+++ Provided data +++

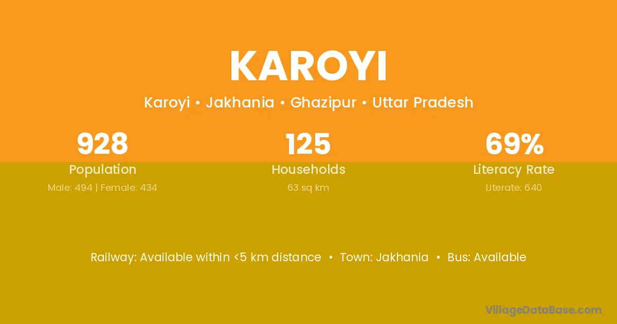 Jakhania is the nearest town to Karoyi village for major economic activities
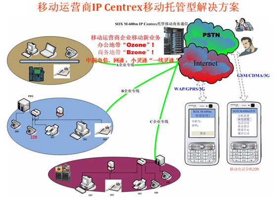 Mail,可發(fā)起WAP電話會(huì)議,可訪問企業(yè)的CRM、ERP等應(yīng)用軟件并集成點(diǎn)擊呼叫等等)。不僅移動(dòng)運(yùn)營(yíng)商可以替代第一代的移動(dòng)總機(jī),固網(wǎng)運(yùn)營(yíng)商采用SOX-M移動(dòng)軟交換也可以輕松的開展移動(dòng)總機(jī)(小靈通或手機(jī))的業(yè)務(wù)了,但SOX-M系統(tǒng)融合移動(dòng)運(yùn)營(yíng)商的無(wú)線互聯(lián)網(wǎng)數(shù)據(jù)業(yè)務(wù)將產(chǎn)生更大的利于企業(yè)應(yīng)用的前景,移動(dòng)總機(jī)(語(yǔ)音+WAP)的融合應(yīng)用成為第二代移動(dòng)總機(jī)殺手級(jí)應(yīng)用,令移動(dòng)總機(jī)如虎添翼。
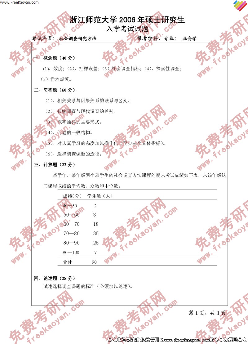 浙江师范大学2006年考研真题-社会调查研究方法
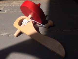 Rode houten tol met houder, gemakkelijk om te laten tollen: koord omwinden en trekken!

+++

--- Work to complete ---
All that the answer may contain is the exact text of the lines from the one with "浙江师范大学2006年考研真题-社会调查研究方法" through the last line of the material, pictures excluded.

--- Answer for the task ---
 浙江师范大学2006年考研真题-社会调查研究方法
 Rode houten tol met houder, gemakkelijk om te laten tollen: koord omwinden en trekken!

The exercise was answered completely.